The Julia Programming Language
https://julialang.org/
MIT License
45.72k stars 5.48k forks source link

sinc and cosc inaccuracy and type-instability #37227

Closed petvana closed 4 years ago

petvana commented 4 years ago

The main motivation to use sinc function is its nice and smooth behavior around zero. However, the current implementation can produce results greater than 1 close to zero, and the results are not even monotonous.

julia> sinc(1e-20)
1.0
julia> sinc(1e-30)
1.0
julia> sinc(1e-40)
1.0000000000000002
julia> sinc(1e-50)
1.0
julia> sinc(1e-60)
1.0000000000000002
julia> sinc(1e-70)
1.0
julia> sinc(1e-80)
1.0000000000000002
julia> sinc(1e-90)
1.0

Possible solution is simple:

sinc(x::Real) = abs(x) < 1e-10 ? one(x) : isinf(x) ? zero(x) : sinpi(x)/(pi*x)
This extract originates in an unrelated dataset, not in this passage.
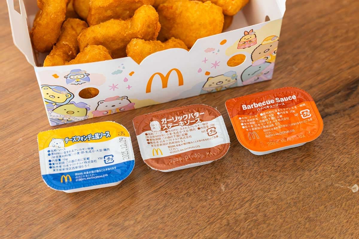 「チキンマックナゲット15ピース」のパッケージ*も、期間限定ソースのパッケージも、「すみっコぐらし」とコラボレーションした、オリジナルデザインです。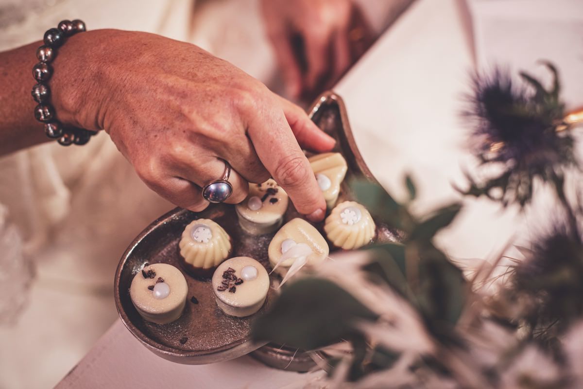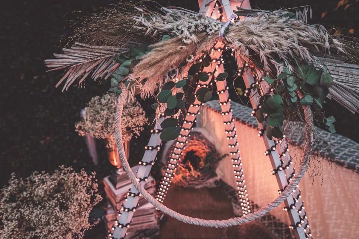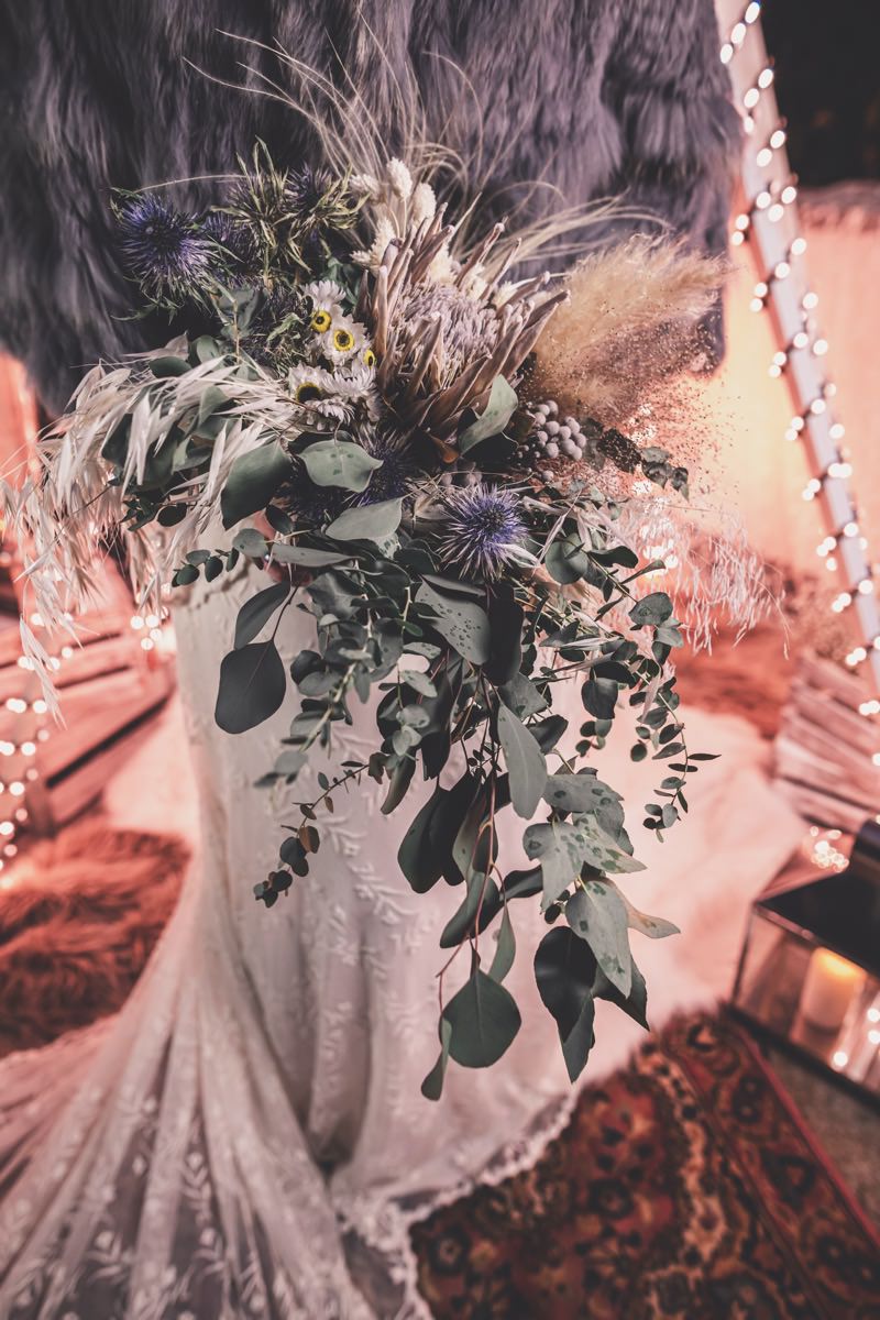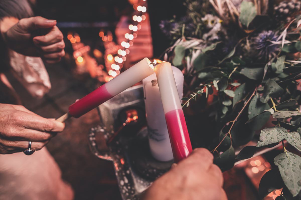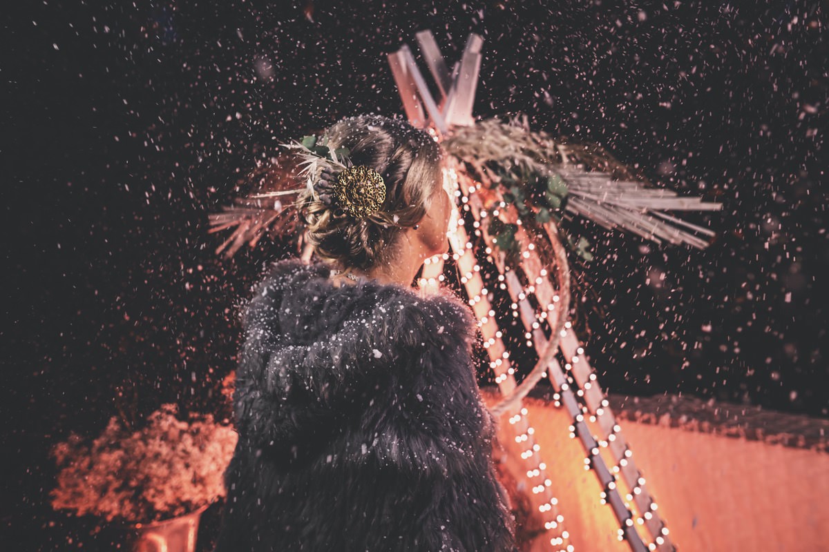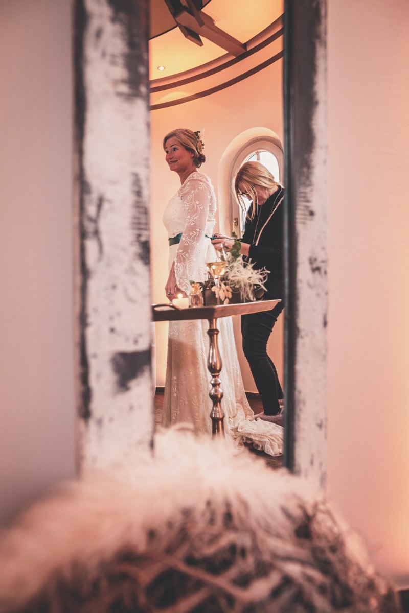 Wenn uns in diesem Jahr, wie leider in so vielen, schon kein Schnee vergönnt ist an Weihnachten und Neujahr, dann müssen wir uns das Winterwonderland eben erträumen! Und mit dieser Inspiration hier, dürfte euch das nicht schwer fallen. Euch erwartet eine romantische Eheerneuerung von einem Paar, das damit die vielen Jahre ihrer Ehe feiern möchte. Umgeben von Bohodetails und im Schnee feierten sie diesen besonderen Tag. Die kreativen Köpfe, die ich euch gleich vorstellen darf, sind gemeinsam die Crew der Hochzeitsmesse Hattingen heiratet. Ein Verbund aus Dienstleistern, die diese Inspiration für euch kreiert haben. Fotografiert wurde diese Inspiration einer verschneiten Eheerneuerung, im Diergardt Hattingen, von HK Photographics . Schon die Location ruft ganz laut Winterwonderland. Neben Kerzenschein und kuscheligen Wintervibes, sorgte EventikS mit Licht und Sound für besonders viel romantische Stimmung. Dank der videografischen Unterstützung von Mumukuba, erwartet euch unter den Bildern dieser Inspiration auch noch ein wunderschönes Video dieses Winterwonderlands. Geplant und konzeptionalisiert wurde der Tag von der lieben Anja von Goldröschen. Und so dürfen wir all diese schönen Details entdecken, die diese Inspiration bereithält. Dazu zählen neben einer wirklich romantischen Zeremonie im Freien, gehalten von dem Traufräulein, auch ein schönes Getting Ready, bei dem das Brautpaar füreinander Liebesbriefe schrieb, die bei der Zeremonie, musikalisch begleitet von Lea Bergen, unter die Haut gingen. Schon die Hochzeitspapeterie, die zu diesem besonderen Tag einlädt, ist ein totaler Wintertraum. Kreiert wurde sie von Sandra Semelink Kalligraphie & Design. Die gesamte Floristik dieser Inspiration vereint zarte Boho- und Wintervibes, gezaubert Floristik Monika Zink. Diese verschönerte auch den Sweet Table, der einer Winterhochzeit wirklich mehr als gerecht wird. Eine wunderschöne Hochzeitstorte aus weißem Fondant mit feinen Strickdetails sowie kleine Sweets, von der Konditorei Kartenberg, wartete dort auf das Brautpaar. Der passende Caketopper ist, wie auch die Kerze beim Getting Ready und die Lasercut Schilder an den Stühlen ‚Braut‘ und ‚Bräutigam‘, von meiner Bloggerkollegin Barbara vom Hochzeitsblog The Little Wedding Corner. Doch kommen wir zum Brautpaar. Unsere Braut wurde bei ihrem Getting Ready von Lina on Tour gestylt und schlüpfte in ein winterliches Brautoutfit von Pretty Woman Brautmode. Passend dazu, trägt ihr Bräutigam in ein wirklich tolles und winterliches Bräutigamoutfit von Eiskirch Atelier. Bei der Zeremonie, wo sich die beiden unter Schneeflocken wiederfanden, tauschten sie erneut ihre Ringe aus. Diese sind von Jörg Faatz Goldschmied. Wie ich finde mehr als verdient nach so vielen Jahren gemeinsam. Das sollte mehr als nur ein Grund zum Feiern sein! Umso mehr freue ich mich, euch so eine schöne Inspiration zu zeigen! Ganz viel Freude euch damit!

However, this is not general enough for various data types, because the constant 1e-10 does not work for more precise data types.

Julia Version 1.5.0
Commit 96786e22cc (2020-08-01 23:44 UTC)
Platform Info:
  OS: Linux (x86_64-pc-linux-gnu)
  CPU: Intel(R) Core(TM) i5-8250U CPU @ 1.60GHz
  WORD_SIZE: 64
  LIBM: libopenlibm
  LLVM: libLLVM-9.0.1 (ORCJIT, skylake)
stevengj commented 4 years ago

Technically, this is not a numerical "instability" (which typically refers to relative errors growing arbitrarily large for well-conditioned functions). But it is not giving an exactly rounded result for small arguments, and I agree that it should be possible to do better here.

stevengj commented 4 years ago

Another problem is that the current implementation is not always type-stable:

julia> sinc(3//4)
0.3001054387190354

julia> sinc(0//4)
1//1
stevengj commented 4 years ago

More generally, as long as we are computing a precision-dependent threshold, one could switch to the Taylor expansion for sufficiently small x, since this is probably slightly faster than sinpi(x)/(pi*x).

sinc(x) = abs(x) < sincthreshold(x) ? @evalpoly(x^2, 1, -pi^2/6, pi^4/120) : isinf(x) ? zero(x) : sinpi(x)/(pi*x)

with some modifications to make this type stable. As you say, determining the threshold is a bit annoying to do in a generic way. For floating-point x, it is determined by abs(x)^6 * pi^6/5040 < eps(typeof(x)). I suppose we could use a generated function for sincthreshold.

petvana commented 4 years ago

This is exactly what I was thinking of but I don't know yet how to write a generated and generic-enough function for that. Notice the problem seems to be common also for cosc function (also defined a as division).

oscardssmith commented 4 years ago

Note that a minimax function will likely work for a larger range at acceptable accuracy than a taylor expansion.

stevengj commented 4 years ago

You mean, something like sinc(x) = ifelse(iszero(x), one(x), min(one(x), sinpi(x)/(pi*x)))?

stevengj commented 4 years ago

@petvana, thanks for pointing that out; I didn't even realize that we had a cosc function. The current implementation of cosc is much worse than that of sinc — it really is numerically unstable, suffering from catastrophic cancellation near zero:

julia> cosc(1e-20)
0.0

julia> cosc(big(1e-20))
-3.289868133696452692506325852996527191782335372598840071672408487965980404206592e-20

i.e. it lost all of the significant digits.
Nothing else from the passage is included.